February 17, 2023 at 9:21 am #4941
Bob Katz
Keymaster

    Live to 2 track has been my forte for many years! The tension is  live enough to create a spark :-). You can do several takes and edit them together you know. It can give you the best of both worlds. Doesn’t always work, especially if the musicians don’t work to a click track, but if you’re good at editing you can accomplish something.

    “Isolating” the vocalist is often considered and as we’ve discussed, you’re damned if you do and you’re damned if you don’t. I recently mastered a great album where the vocalist had performed live in the studio with a big band using, gawd, an SM7. It was supposed to be a “work track” but you know how that goes, she fell in love with her performance. The producer did a marvelous job of masking the sibilance and other issues and the band sounded a bit washy and monoish at times due to leakage into the vocal mike in a live studio. But the end results were hair raising!

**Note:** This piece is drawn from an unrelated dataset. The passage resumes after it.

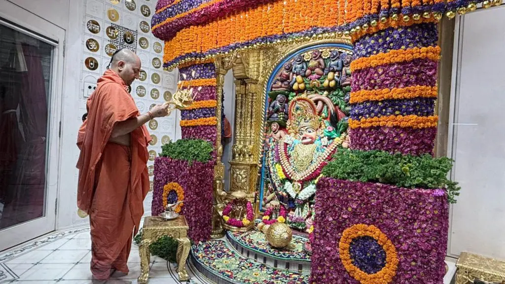 Salangpur Hanumanji: સુપ્રસિદ્ધ યાત્રાધામ સાળંગપુરધામ શ્રીકષ્ટભંજનદેવ હનુમાનજી મંદિર ખાતે શાસ્ત્રી સ્વામી હરિપ્રકાશદાસજી (અથાણાવાળા)ની પ્રેરણાથી તેમજ કોઠારી વિવેકસાગરદાસજી સ્વામીના માર્ગદર્શનથી તારીખ 15-11-2025, શનિવાર અને અગિયારશના રોજ શ્રીકષ્ટભંજનદેવ હનુમાનજીને દિવ્ય શણગાર કરવામાં આવ્યો હતો. આજે સવારે મંગળા આરતી પૂજારી સ્વામી અને શણગાર આરતી શાસ્ત્રી હરિપ્રકાશ સ્વામીએ કરી હતી.
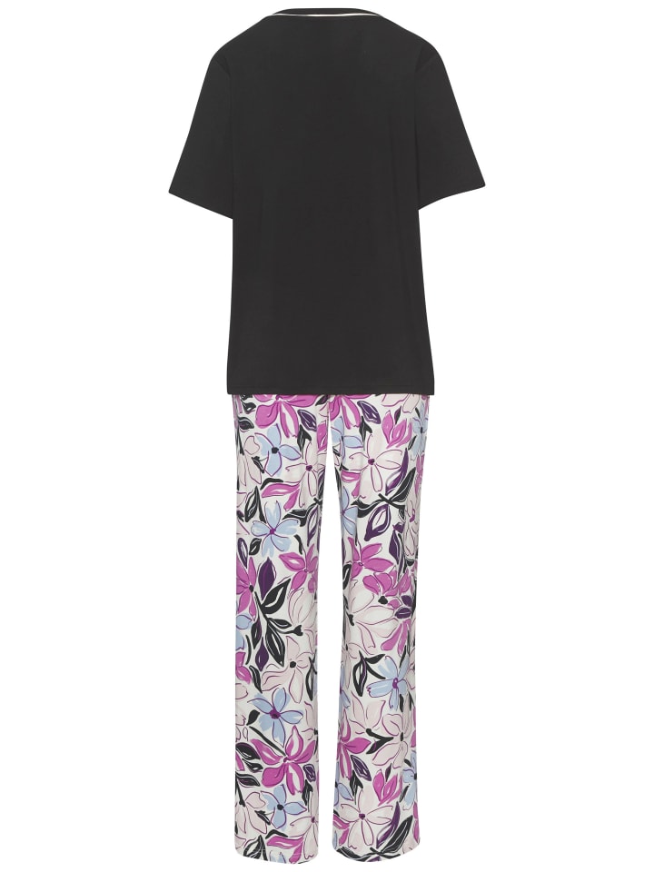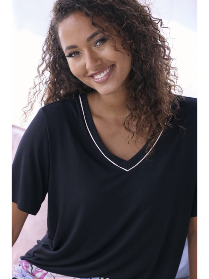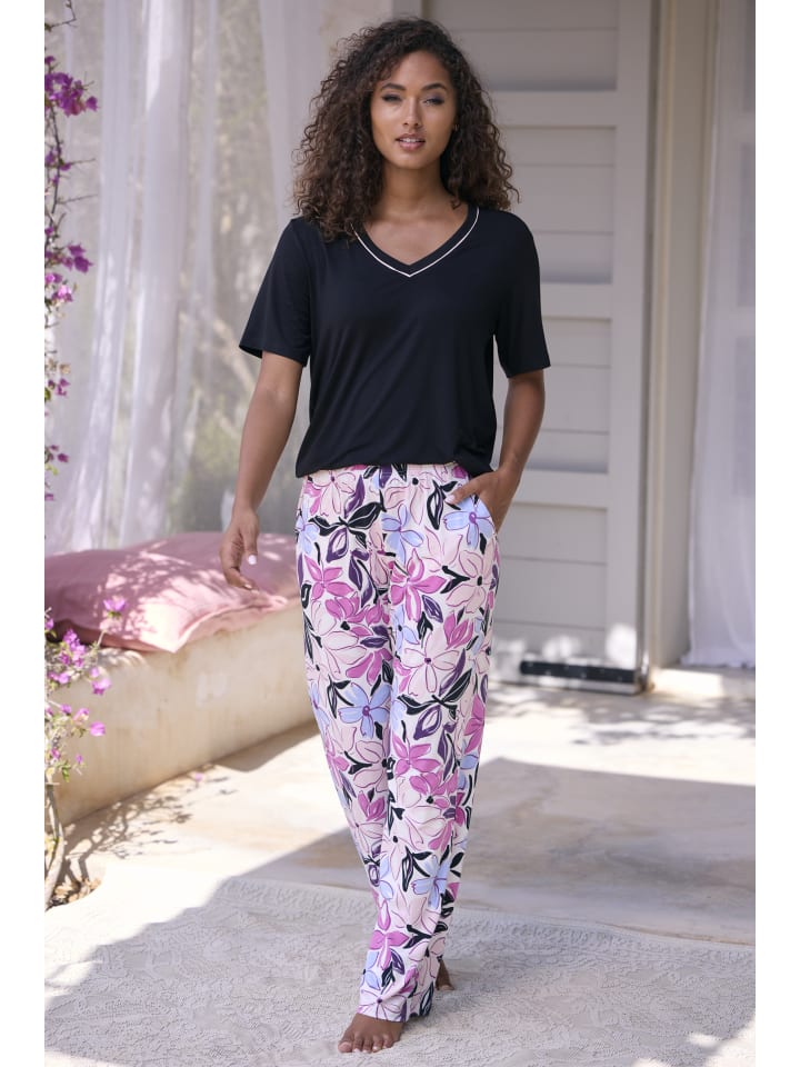 Пижама от Lascana. Однотонная футболка с блестящей контрастной окантовкой на V-образном вырезе и коротких рукавах. Брюки с цветочным принтом и эластичным поясом на шнурке. Мягкая смесь вискозы.

    There are other ways to get great results miking a vocal in a live studio with musicians:

    — semi gobos, giving her the ability to hear everyone or nearly everyone but blocking off at least some of the issues from the mike

    — Use a great hypercardioid or figure 8 mike on the vocal

    — VERY careful EQ on the vocal mike during the mixing. You certainly can filter below, say, 60 Hz, and if you have excellent wide-range monitoring, slip the filter upward in frequency VERY carefull, always erring on the side of vocal fidelity while living with the leakage

    — Izotope RX on the vocal track. You can eliminate drum beats between the syllables. It works, it works well. Again, not being overzealous and do not take away the baby with the bathwater!